Stored data entries:
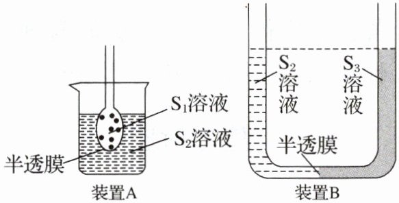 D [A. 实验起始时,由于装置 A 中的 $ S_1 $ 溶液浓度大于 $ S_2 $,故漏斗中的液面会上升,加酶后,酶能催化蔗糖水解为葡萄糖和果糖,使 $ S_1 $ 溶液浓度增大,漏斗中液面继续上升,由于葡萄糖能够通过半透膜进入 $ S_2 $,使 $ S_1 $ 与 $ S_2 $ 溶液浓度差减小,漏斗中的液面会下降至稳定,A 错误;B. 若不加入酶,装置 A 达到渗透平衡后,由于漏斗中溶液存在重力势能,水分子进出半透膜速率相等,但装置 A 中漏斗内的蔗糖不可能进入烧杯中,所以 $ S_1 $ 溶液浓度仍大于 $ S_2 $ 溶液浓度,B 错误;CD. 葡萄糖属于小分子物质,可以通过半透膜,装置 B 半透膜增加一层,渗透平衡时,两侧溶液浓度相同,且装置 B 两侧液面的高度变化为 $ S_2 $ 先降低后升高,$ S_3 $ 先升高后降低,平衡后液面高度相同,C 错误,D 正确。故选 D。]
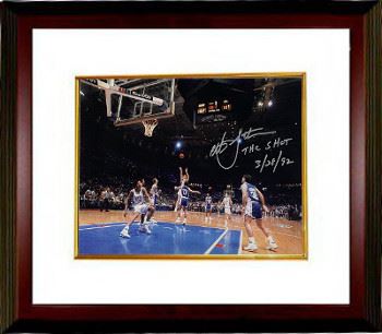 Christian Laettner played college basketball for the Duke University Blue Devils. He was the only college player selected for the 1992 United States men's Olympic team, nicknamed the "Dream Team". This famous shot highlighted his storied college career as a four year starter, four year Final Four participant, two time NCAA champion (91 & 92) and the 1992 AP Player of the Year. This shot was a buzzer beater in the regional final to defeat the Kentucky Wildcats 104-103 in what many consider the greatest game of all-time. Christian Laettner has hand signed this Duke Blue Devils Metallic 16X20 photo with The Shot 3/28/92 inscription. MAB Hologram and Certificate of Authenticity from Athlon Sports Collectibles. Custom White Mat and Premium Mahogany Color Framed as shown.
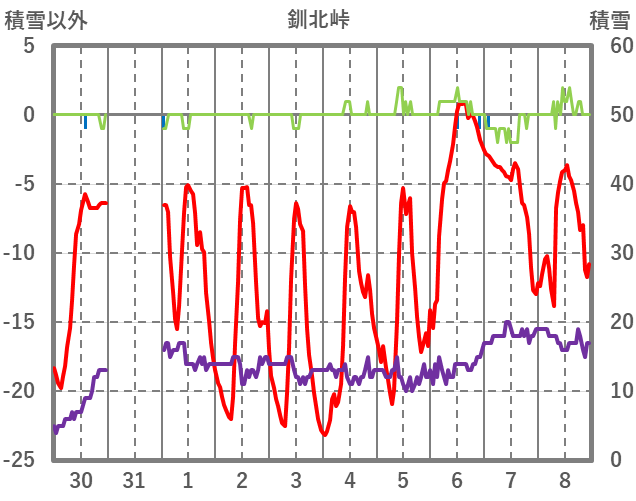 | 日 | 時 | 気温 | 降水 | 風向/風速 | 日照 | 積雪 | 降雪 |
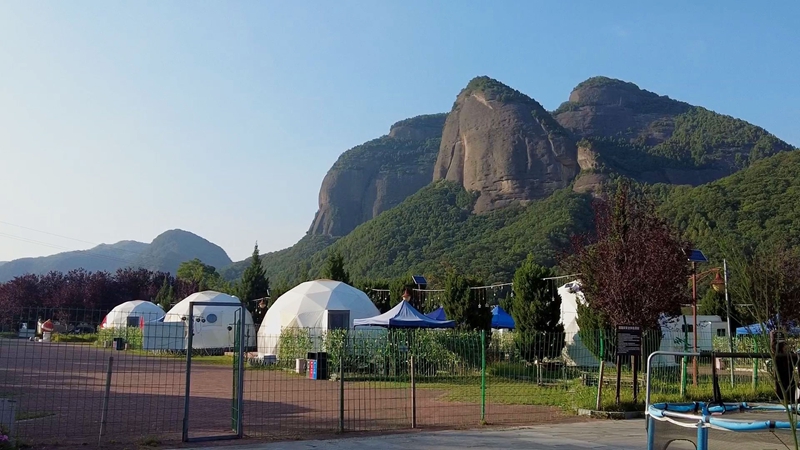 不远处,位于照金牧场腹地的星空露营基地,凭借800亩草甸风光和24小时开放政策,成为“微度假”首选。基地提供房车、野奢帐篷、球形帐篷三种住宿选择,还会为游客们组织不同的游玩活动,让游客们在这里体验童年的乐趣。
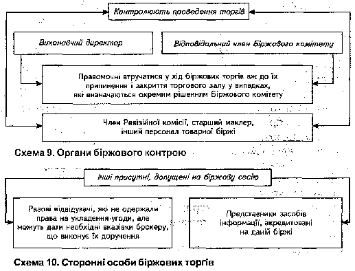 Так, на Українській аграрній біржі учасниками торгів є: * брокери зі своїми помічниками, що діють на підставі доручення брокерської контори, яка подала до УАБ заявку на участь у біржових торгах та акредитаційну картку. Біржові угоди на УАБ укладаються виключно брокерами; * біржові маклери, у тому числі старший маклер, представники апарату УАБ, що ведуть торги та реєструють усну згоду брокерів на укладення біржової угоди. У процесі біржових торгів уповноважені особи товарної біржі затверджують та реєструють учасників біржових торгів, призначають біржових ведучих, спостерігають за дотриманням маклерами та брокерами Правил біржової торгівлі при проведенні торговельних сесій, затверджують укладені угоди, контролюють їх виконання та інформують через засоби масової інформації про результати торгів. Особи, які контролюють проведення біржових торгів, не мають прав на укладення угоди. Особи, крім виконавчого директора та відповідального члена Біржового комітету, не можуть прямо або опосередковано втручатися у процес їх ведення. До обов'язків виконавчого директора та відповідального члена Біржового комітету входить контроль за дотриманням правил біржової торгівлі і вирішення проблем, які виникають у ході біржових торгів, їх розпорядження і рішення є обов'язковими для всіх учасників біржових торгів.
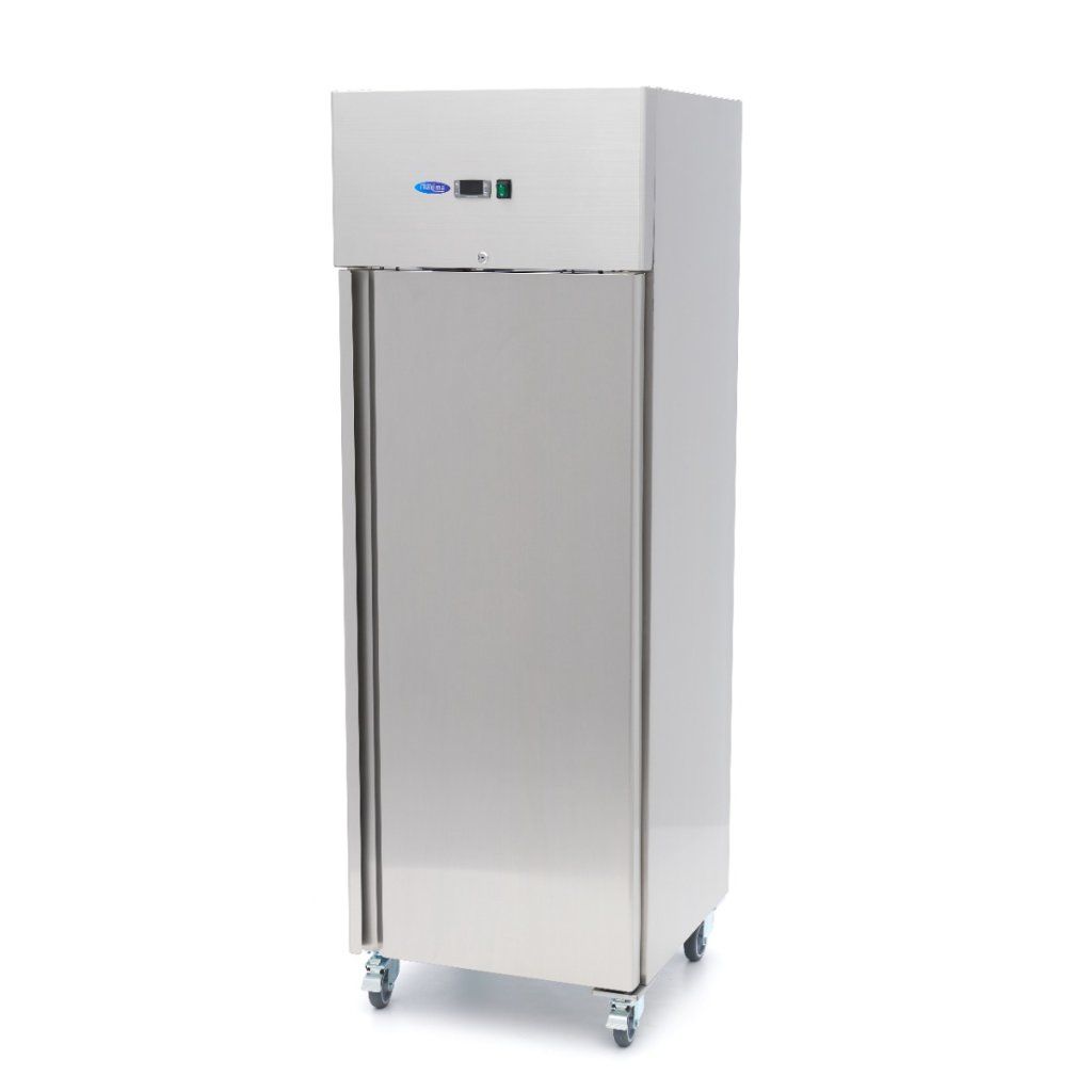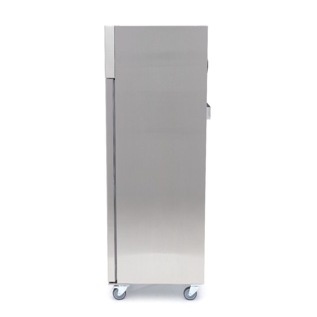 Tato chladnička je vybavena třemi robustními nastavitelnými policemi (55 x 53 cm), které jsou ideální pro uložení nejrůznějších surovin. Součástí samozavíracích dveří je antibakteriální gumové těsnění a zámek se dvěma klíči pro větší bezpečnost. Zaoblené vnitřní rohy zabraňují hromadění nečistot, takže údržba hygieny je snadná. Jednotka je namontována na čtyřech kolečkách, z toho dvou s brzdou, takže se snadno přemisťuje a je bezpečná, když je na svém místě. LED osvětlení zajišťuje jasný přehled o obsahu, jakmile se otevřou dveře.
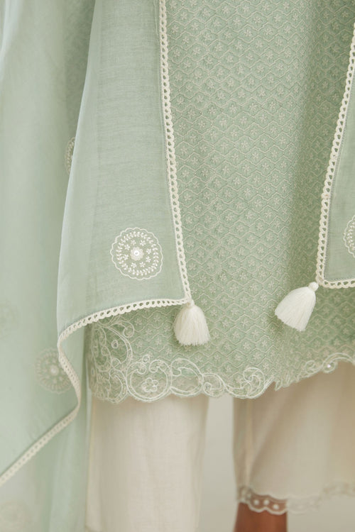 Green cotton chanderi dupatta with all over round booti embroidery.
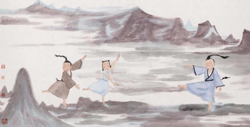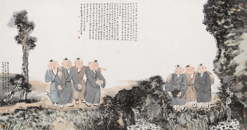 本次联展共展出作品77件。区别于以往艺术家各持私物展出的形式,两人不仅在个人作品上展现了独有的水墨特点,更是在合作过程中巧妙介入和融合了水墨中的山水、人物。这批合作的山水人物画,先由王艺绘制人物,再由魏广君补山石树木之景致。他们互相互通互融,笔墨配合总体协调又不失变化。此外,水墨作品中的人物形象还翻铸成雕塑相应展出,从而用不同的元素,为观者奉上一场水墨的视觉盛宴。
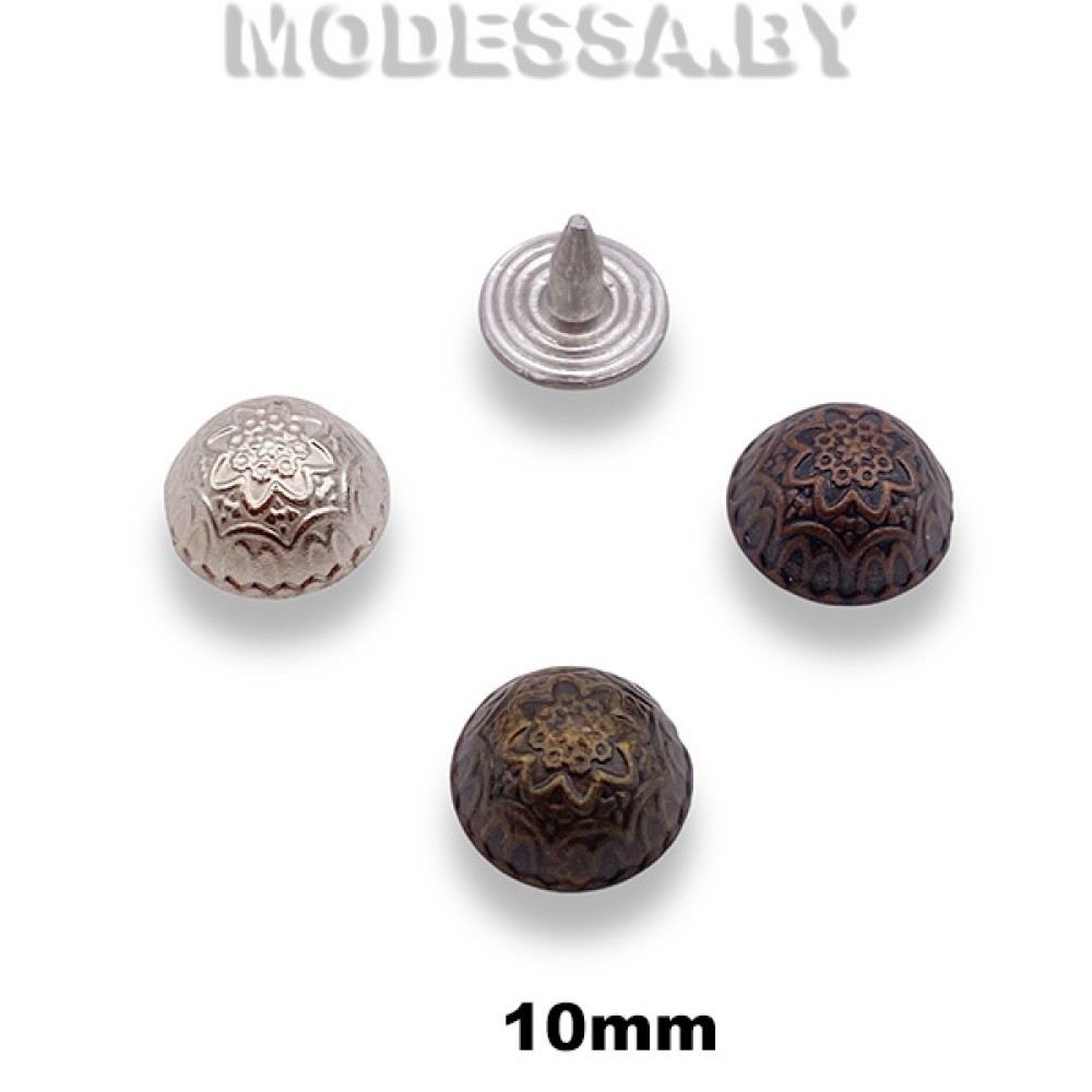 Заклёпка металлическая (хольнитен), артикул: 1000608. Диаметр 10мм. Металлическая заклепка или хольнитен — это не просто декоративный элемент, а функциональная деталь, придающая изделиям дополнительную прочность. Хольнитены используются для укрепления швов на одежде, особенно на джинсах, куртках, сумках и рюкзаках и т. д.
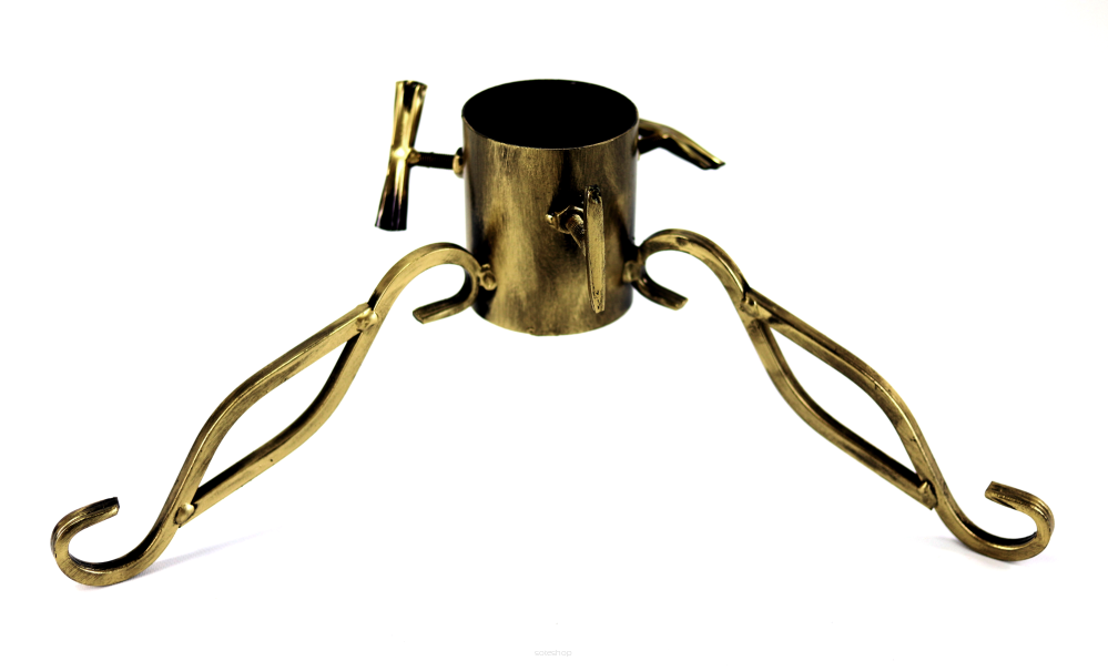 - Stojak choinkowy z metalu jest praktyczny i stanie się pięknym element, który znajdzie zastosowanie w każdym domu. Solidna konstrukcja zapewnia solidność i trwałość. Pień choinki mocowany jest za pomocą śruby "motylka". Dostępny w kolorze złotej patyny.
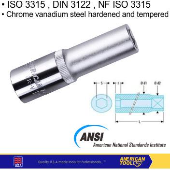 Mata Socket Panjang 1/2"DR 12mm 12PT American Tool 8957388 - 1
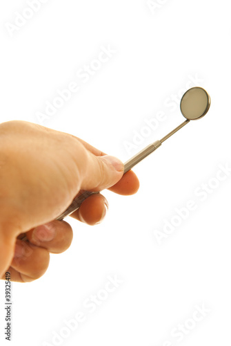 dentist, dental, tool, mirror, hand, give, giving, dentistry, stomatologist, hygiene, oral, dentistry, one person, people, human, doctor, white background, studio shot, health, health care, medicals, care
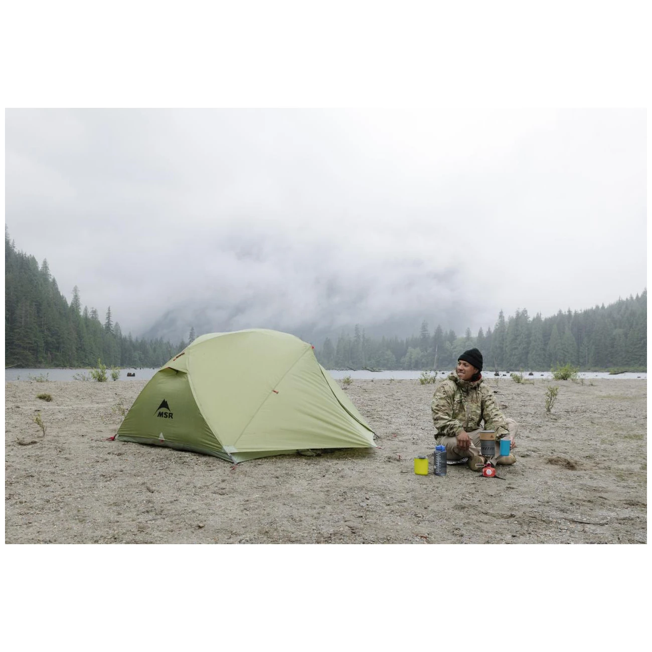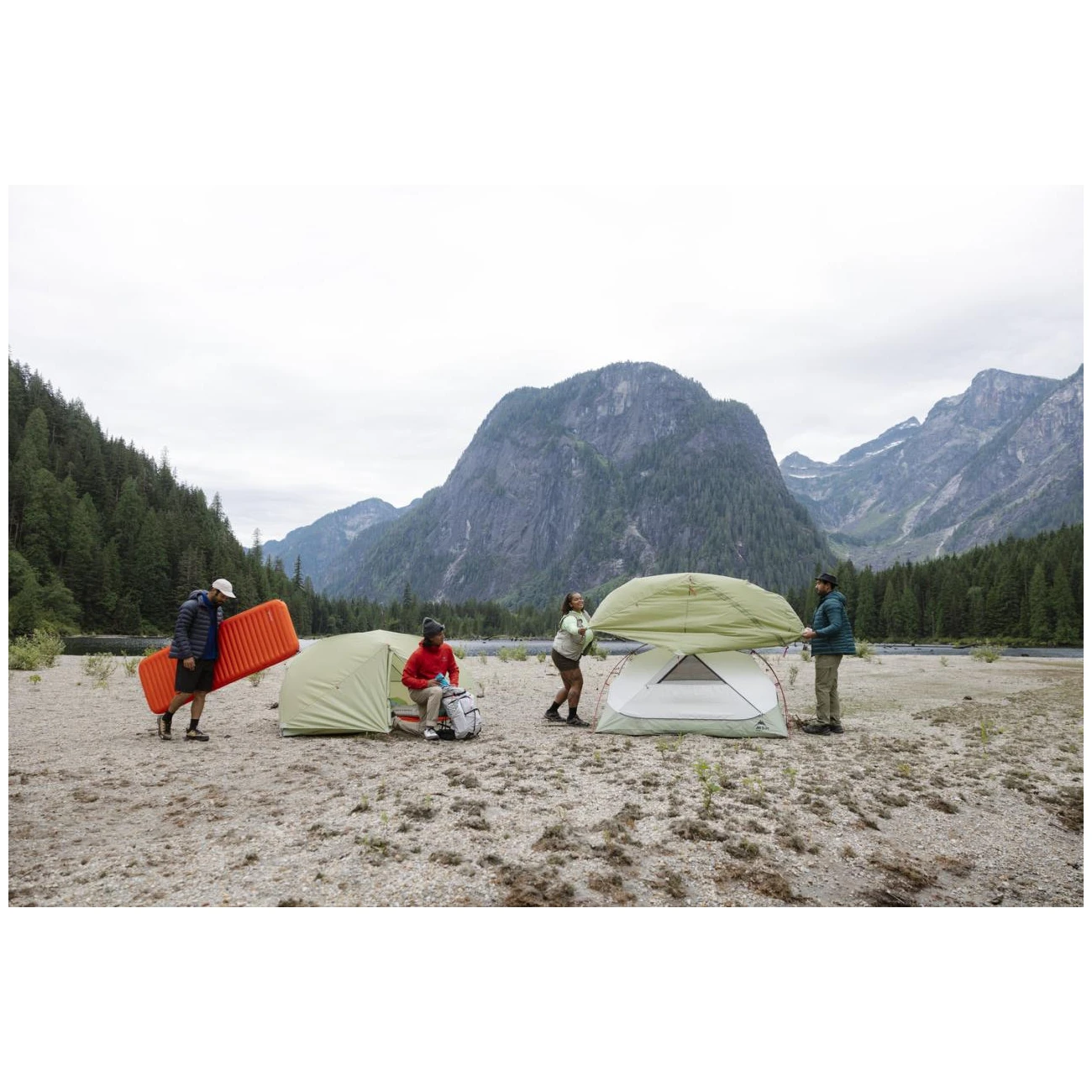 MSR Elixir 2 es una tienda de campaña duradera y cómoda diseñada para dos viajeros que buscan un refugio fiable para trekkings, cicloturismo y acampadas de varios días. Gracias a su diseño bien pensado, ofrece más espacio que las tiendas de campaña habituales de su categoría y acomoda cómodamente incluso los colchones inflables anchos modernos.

▶ [Task item]:
Using the records above, return word for word the lines that begin at the one containing "Mata Socket Panjang" and end at the one containing "care, medicals, care", both of them included and no pictures.

▶ [Solved problem]:
 Mata Socket Panjang 1/2"DR 12mm 12PT American Tool 8957388 - 1
 dentist, dental, tool, mirror, hand, give, giving, dentistry, stomatologist, hygiene, oral, dentistry, one person, people, human, doctor, white background, studio shot, health, health care, medicals, care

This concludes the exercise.